Monday, October 19th, 2009

(1 death |your turn.)

Time:12:44 am.
is the world boring me now because i'm a drug addict, or because it's sunday night, i'm stuck in this bedroom alone, and people around me are all doing shots in paper rooms ten feet down the hall? is it boring because i am no longer young and anxious to get to know the tendencies people leave in the dark? because english has become a language i have no sympathy for? because there are no doctor who episodes left to watch?

i just found a new lease on life. i'm going to marry mos def.

Sunday, October 4th, 2009

(your turn.)

Time:1:58 am.
its funny how i get the same feeling typing the name of this site as that of netflix, as though it has the same amount of amusement waiting for me.. a show to watch.


i want to transcribe what i wrote tonight, in the frida kahlo masterpieces book

i see a friend's band play -- songs long and sad and sweet. my friend plays the violin once the girl who asked me to marry her stopped singing in a slow mournful and socially inept phrases. a boy named...nick? plays the banjo. then i hear my old friends steve, tim, jason and logan play a set -- logan on the drums, tim on the bass, stephen on the guitar and jason on the keyboard. their set reminded me of cursive/the good life with a little conor oberst in there with the song writing. tim kasher (i mean steven poitier) sang vocals.

eh now im bored

Sunday, September 27th, 2009

(your turn.)

Time:6:32 pm.
this is great. the internet is great. thank you mayoclinic.com




People with classic schizotypal personalities are apt to be loners, having few to no intimate relationships. They exhibit extreme anxiety in social situations, often associated more with distrust and an inability to communicate with others than with a negative self-image. They view themselves as alien or outcast, and this isolation causes pain as they disengage more and more from relationships and the outside world.

People with schizotypal personalities often have odd patterns of speech and ramble endlessly on tangents to a topic of conversation. They may dress in peculiar ways and have very strange ways of viewing the world around them. Often they harbor unusual ideas, such as believing in the powers of ESP or a sixth sense. At times, they believe they can magically influence people's thoughts, actions and emotions.

In adolescence, signs of a schizotypal personality may begin as a gravitation toward solitary activities or a high level of social anxiety.
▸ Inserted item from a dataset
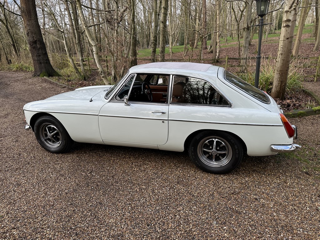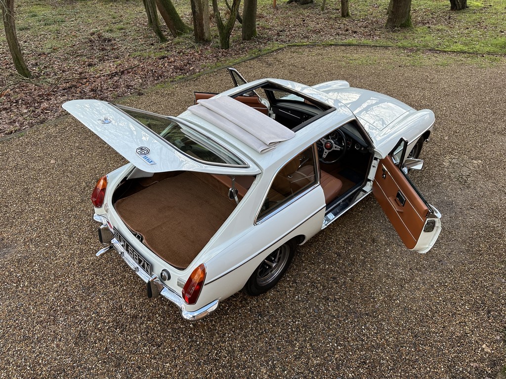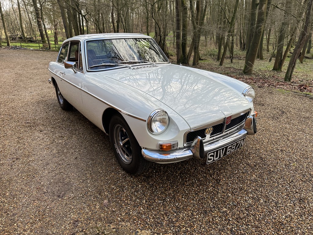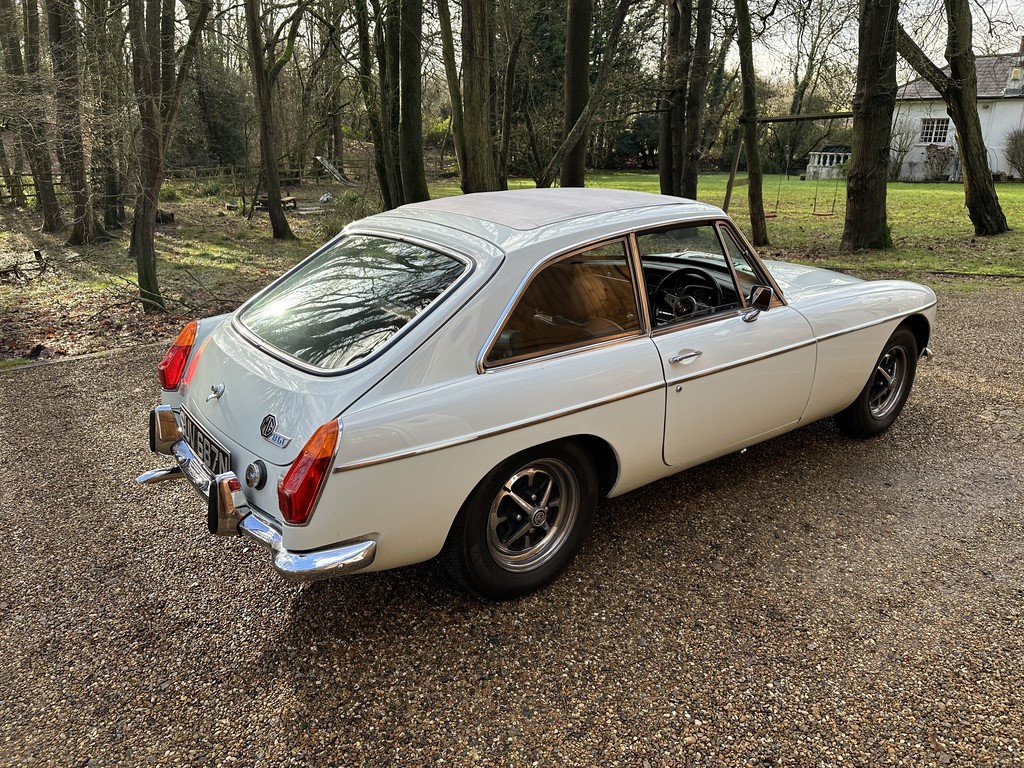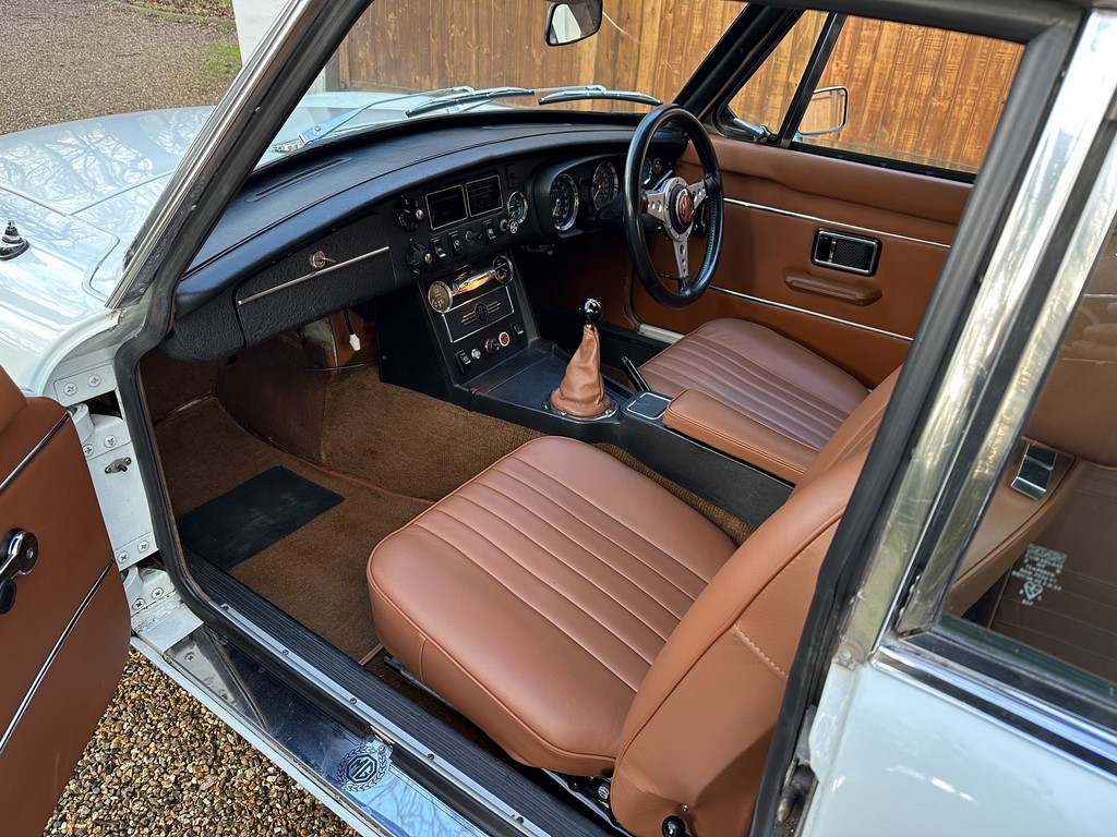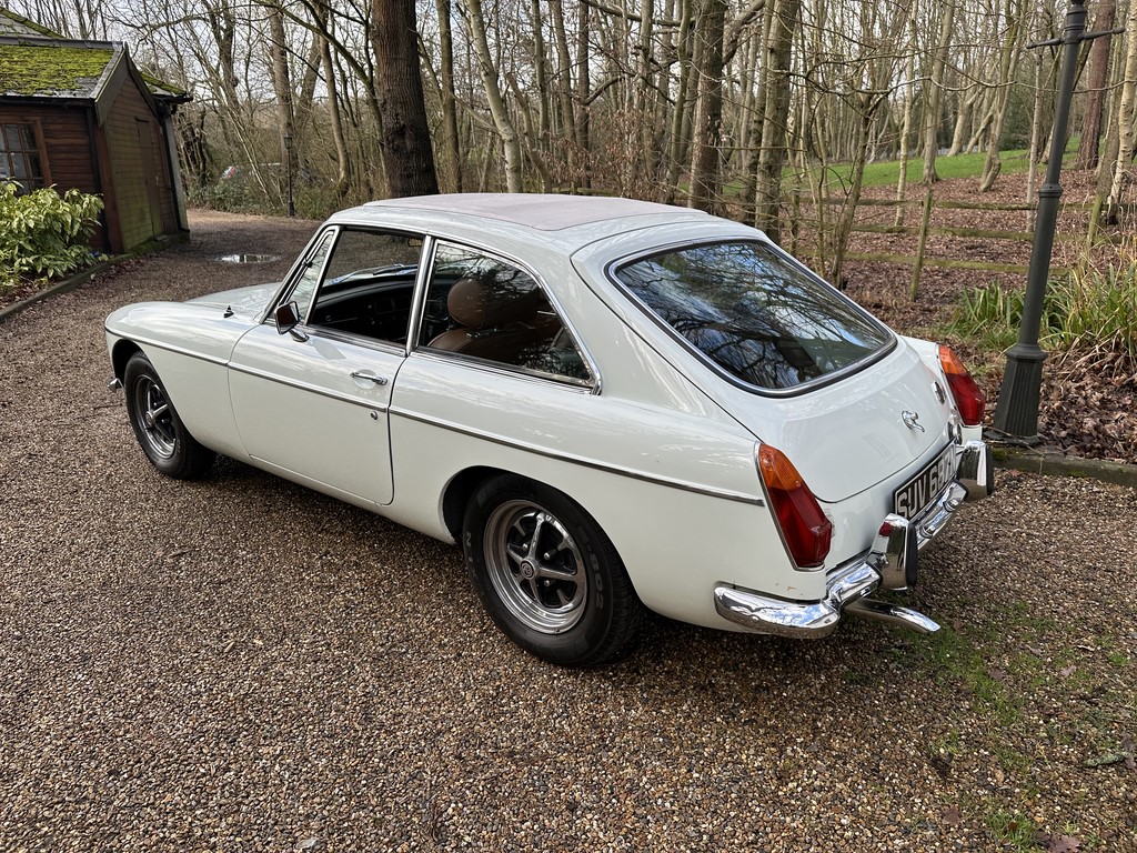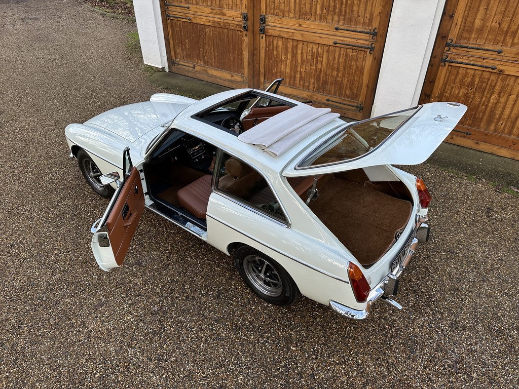 MG BGT Registered 1 August 1974, chrome bumper model, overdrive, older mid 90’s restoration by renowned, BL Heritage Approved Motorspeed Ltd and included sills, jacking points, floor pans, doors, tailgate etc. etc., bare metal prepared White coachwork still presenting well with some imperfections only commensurate with age since restoration and mileage, recent quality Autumn Leaf leather interior trim by ‘Mirror Trim’ specialists of Bedfordshire at a cost of £2.5k, Webasto sunroof, recently detailed engine compartment housing standard 1800 power unit with good oil pressure, nice original condition rare Chrome Rostyle wheels,  heavy history file with a plethora of documents covering the earlier restoration, spread sheets and invoices for more recent works that includes suspension, water pump, starter motor, fresh oils and filters, old mot’s etc.etc. drives delightfully, previously sold by us, just arrived,

The child may be an underperformer in school or appear socially out-of-step with peers, and as a result often becomes the subject of bullying or teasing.

Symptoms of schizotypal personality disorder include:

* Incorrect interpretation of events, including feeling that external events have personal meaning
* Peculiar thinking, beliefs or behavior
* Belief in special powers, such as telepathy
* Perceptual alterations, in some cases bodily illusions, including phantom pains or other distortions in the sense of touch
* Idiosyncratic speech, such as loose or vague patterns of speaking or tendency to go off on tangents
* Suspicious or paranoid ideas
* Flat emotions or inappropriate emotional responses
* Lack of close friends outside of the immediate family
* Persistent and excessive social anxiety that doesn't abate with time

Schizotypal personality disorder can easily be confused with schizophrenia, which is characterized by intense psychosis, a severe mental state characterized by a loss of contact with reality. While people with schizotypal personalities may experience brief psychotic episodes with delusions or hallucinations, they are not as pronounced, frequent or intense as in schizophrenia.

Another key distinction between schizotypal personality disorder and schizophrenia is that people with the personality disorder usually can distinguish between their distorted ideas and reality. Those with schizophrenia generally can't be swayed from their delusions.

Both disorders, along with schizoid personality disorder, belong to what's generally referred to as the schizophrenic spectrum. Schizotypal personality falls in the middle of the spectrum, with schizoid personality disorder on the milder end and schizophrenia on the more severe end.

When to see a doctor
Because personality tends to become entrenched as people age, it's best to seek treatment for a personality disorder as early as possible.

People with schizotypal personality are likely to seek help only at the urging of friends or relatives. If you suspect a friend or family member may have the disorder, be on the lookout for certain signs. You might gently suggest that the person seek medical attention, starting with a primary care physician or mental health provider.



okay. so does this mean that people who go against the grain and believe in something have a personality disorder?

i've been trying for a very long time to figure out why i am the way i am. i have long considered it a "problem" or "disorder," because that is the vocabulary i have been taught from my research. impairment, retardation, tendencies, pigeonhole pigeonhole pigeonhole.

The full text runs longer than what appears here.